How to complete this task: When the line with "The Defender DF" appears below, start repeating lines exactly, and keep going through the line with "VINTAGE Mens V-Neck"; add nothing outside that span.

Data excerpts:
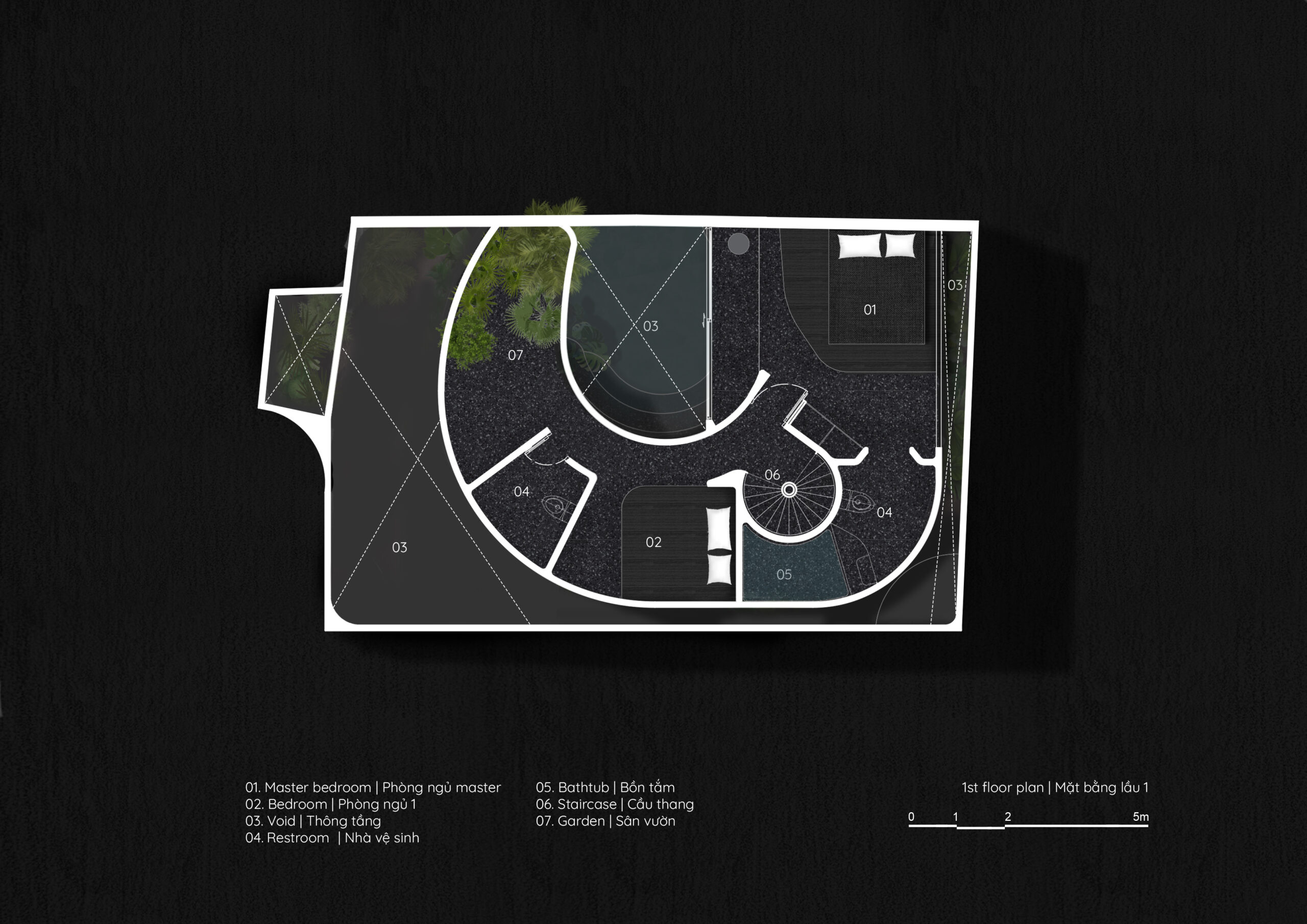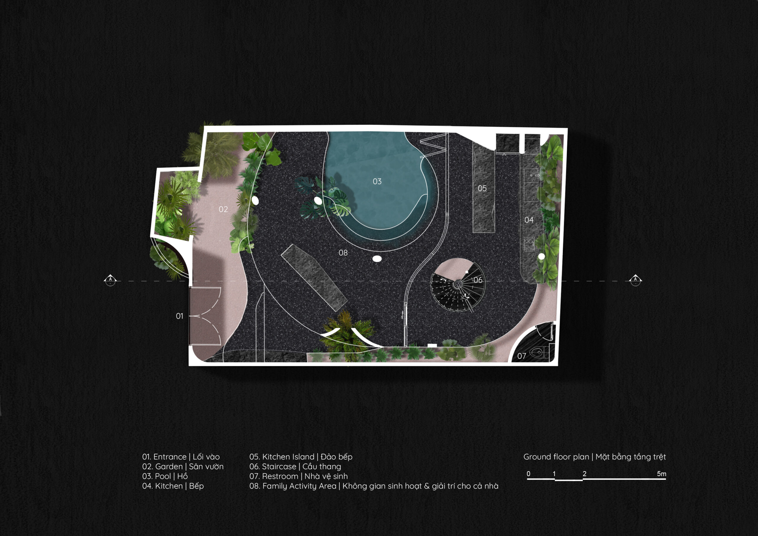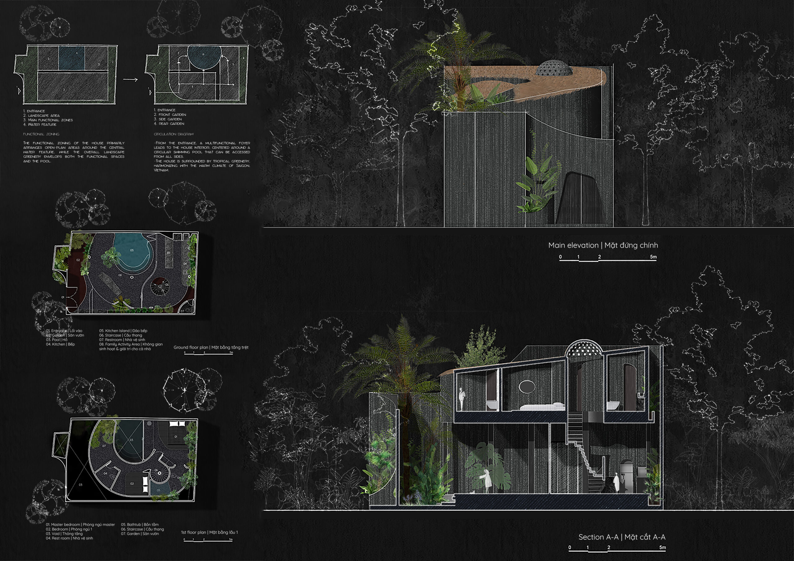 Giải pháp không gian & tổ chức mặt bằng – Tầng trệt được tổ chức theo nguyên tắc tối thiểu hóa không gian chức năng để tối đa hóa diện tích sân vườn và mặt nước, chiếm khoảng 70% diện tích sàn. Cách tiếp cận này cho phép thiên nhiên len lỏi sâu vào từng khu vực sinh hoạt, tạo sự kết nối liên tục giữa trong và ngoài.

...

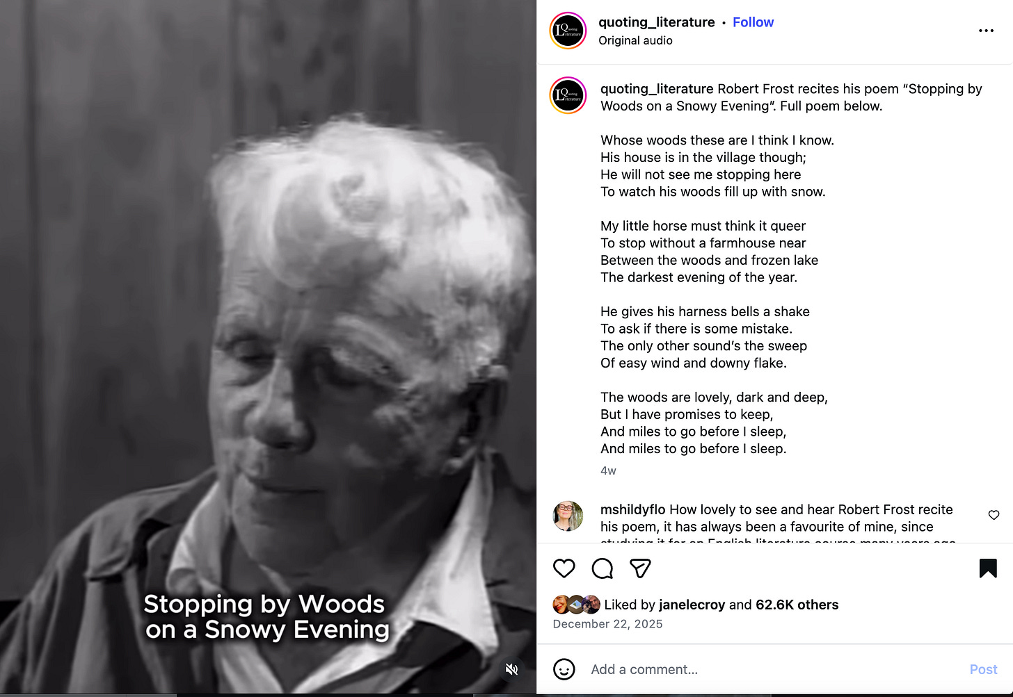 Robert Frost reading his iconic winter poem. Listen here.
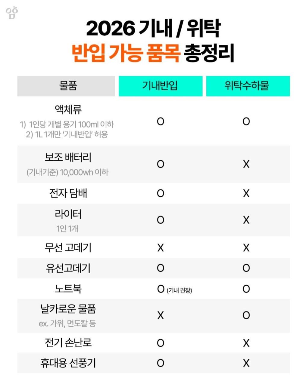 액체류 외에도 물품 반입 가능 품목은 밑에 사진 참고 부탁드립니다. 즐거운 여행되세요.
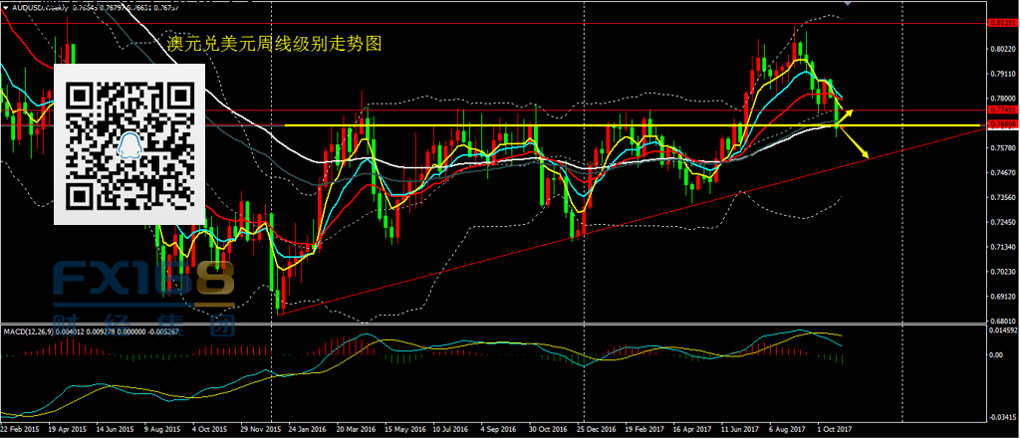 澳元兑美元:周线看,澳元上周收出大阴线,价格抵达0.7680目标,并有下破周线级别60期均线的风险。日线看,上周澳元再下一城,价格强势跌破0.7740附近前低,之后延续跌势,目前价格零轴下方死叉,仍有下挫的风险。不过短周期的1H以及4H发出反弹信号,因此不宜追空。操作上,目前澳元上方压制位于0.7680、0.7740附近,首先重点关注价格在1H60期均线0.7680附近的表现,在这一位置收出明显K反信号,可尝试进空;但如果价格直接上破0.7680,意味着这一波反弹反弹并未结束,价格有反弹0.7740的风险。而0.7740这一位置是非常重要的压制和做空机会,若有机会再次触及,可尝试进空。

--

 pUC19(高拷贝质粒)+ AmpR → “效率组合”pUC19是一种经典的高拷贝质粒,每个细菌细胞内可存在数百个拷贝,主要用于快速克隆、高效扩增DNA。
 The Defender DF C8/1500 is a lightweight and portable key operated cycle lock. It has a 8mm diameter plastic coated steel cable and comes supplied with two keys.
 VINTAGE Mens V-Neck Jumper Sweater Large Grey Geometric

Output:
 The Defender DF C8/1500 is a lightweight and portable key operated cycle lock. It has a 8mm diameter plastic coated steel cable and comes supplied with two keys.
 VINTAGE Mens V-Neck Jumper Sweater Large Grey Geometric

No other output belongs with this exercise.